RECORDS SHOWN -
· · ·

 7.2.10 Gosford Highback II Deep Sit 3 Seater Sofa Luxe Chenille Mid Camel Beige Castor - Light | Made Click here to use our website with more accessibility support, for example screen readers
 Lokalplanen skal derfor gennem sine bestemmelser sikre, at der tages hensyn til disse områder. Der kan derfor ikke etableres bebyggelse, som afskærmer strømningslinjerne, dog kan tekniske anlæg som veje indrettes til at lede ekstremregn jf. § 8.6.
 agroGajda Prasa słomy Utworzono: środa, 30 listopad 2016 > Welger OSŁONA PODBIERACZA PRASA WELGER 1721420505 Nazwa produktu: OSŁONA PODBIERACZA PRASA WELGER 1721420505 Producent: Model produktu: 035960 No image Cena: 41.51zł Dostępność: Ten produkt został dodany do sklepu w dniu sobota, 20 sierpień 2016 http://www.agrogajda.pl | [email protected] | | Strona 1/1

· · ·

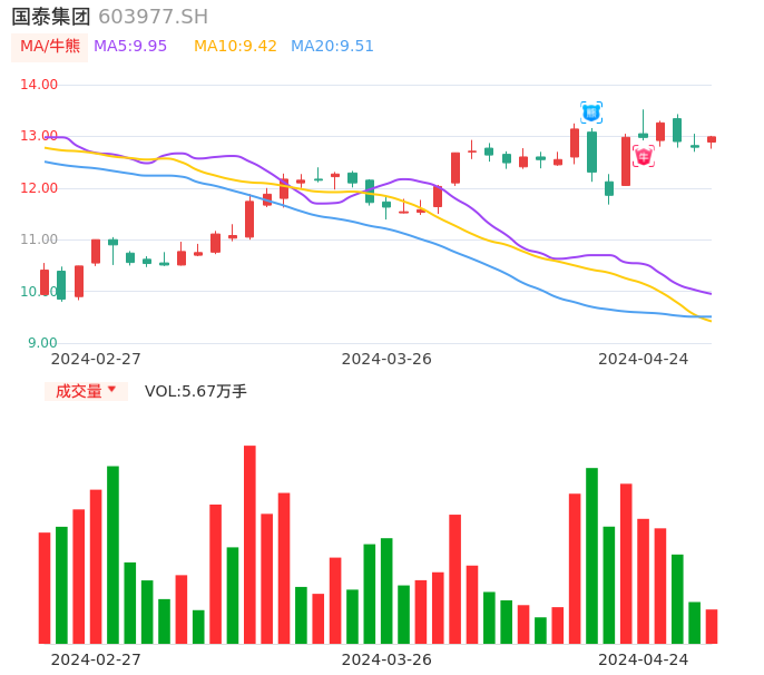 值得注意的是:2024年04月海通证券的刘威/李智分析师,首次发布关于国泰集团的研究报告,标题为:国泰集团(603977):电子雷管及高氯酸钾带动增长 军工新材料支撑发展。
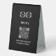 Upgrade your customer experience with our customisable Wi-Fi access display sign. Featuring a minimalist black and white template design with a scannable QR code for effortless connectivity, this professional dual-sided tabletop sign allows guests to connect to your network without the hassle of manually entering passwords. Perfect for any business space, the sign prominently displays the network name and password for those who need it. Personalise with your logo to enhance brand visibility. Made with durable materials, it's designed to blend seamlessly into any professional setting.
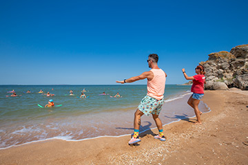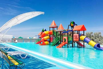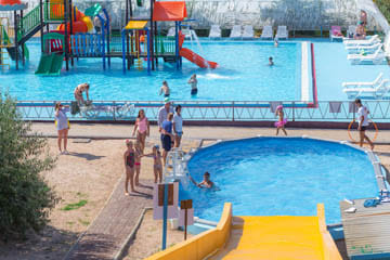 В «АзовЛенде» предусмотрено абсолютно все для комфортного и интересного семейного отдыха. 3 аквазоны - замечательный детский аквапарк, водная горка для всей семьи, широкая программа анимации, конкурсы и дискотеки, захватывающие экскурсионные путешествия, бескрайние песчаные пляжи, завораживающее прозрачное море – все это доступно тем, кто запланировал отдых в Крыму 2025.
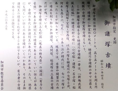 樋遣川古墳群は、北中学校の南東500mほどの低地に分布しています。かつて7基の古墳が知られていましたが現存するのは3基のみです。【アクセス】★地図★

· · ·

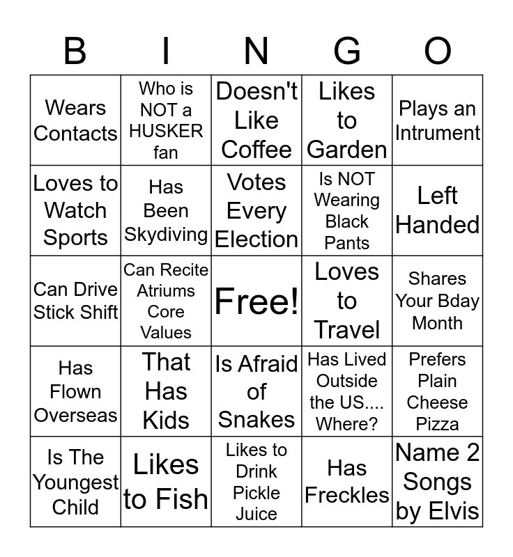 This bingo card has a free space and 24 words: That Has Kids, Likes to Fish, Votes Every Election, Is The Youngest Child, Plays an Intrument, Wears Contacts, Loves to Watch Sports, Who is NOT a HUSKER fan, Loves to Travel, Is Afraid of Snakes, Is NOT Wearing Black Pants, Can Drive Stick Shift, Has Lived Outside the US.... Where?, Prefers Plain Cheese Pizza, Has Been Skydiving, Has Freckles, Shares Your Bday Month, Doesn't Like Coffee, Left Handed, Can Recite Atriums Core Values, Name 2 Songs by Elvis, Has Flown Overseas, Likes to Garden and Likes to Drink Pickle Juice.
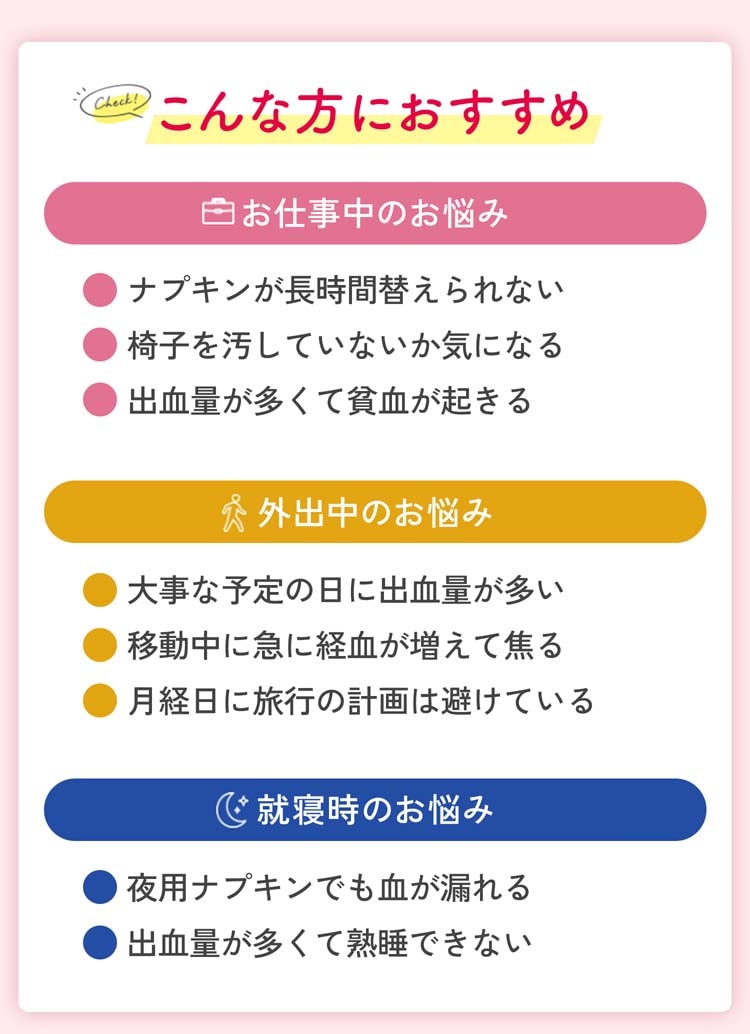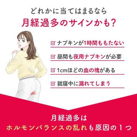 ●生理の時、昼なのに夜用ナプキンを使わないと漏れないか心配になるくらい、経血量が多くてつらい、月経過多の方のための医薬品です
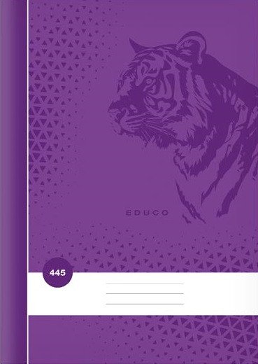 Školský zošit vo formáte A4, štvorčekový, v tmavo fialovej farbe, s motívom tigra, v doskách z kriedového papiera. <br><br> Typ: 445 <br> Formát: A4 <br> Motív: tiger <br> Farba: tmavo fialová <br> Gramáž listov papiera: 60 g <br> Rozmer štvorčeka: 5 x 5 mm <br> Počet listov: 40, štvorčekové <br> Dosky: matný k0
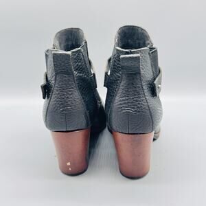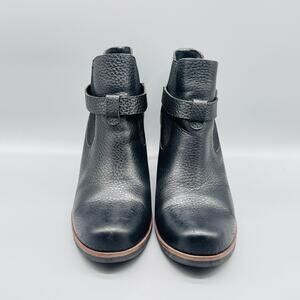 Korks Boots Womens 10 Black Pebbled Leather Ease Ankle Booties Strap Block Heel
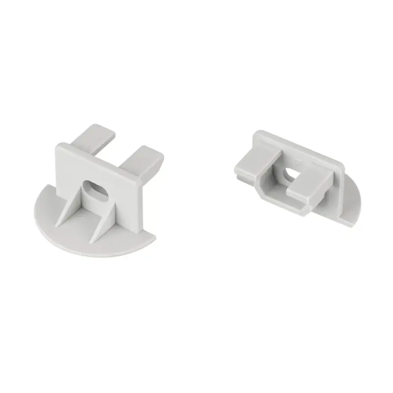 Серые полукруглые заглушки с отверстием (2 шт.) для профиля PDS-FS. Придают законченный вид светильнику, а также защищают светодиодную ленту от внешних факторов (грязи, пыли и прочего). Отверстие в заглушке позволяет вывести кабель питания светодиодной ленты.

· · ·

Please reproduce the lines from the line with "Lokalplanen skal derfor" to the line with "agroGajda Prasa słomy", both ends included, exactly as they appear above.

 Lokalplanen skal derfor gennem sine bestemmelser sikre, at der tages hensyn til disse områder. Der kan derfor ikke etableres bebyggelse, som afskærmer strømningslinjerne, dog kan tekniske anlæg som veje indrettes til at lede ekstremregn jf. § 8.6.
 agroGajda Prasa słomy Utworzono: środa, 30 listopad 2016 > Welger OSŁONA PODBIERACZA PRASA WELGER 1721420505 Nazwa produktu: OSŁONA PODBIERACZA PRASA WELGER 1721420505 Producent: Model produktu: 035960 No image Cena: 41.51zł Dostępność: Ten produkt został dodany do sklepu w dniu sobota, 20 sierpień 2016 http://www.agrogajda.pl | [email protected] | | Strona 1/1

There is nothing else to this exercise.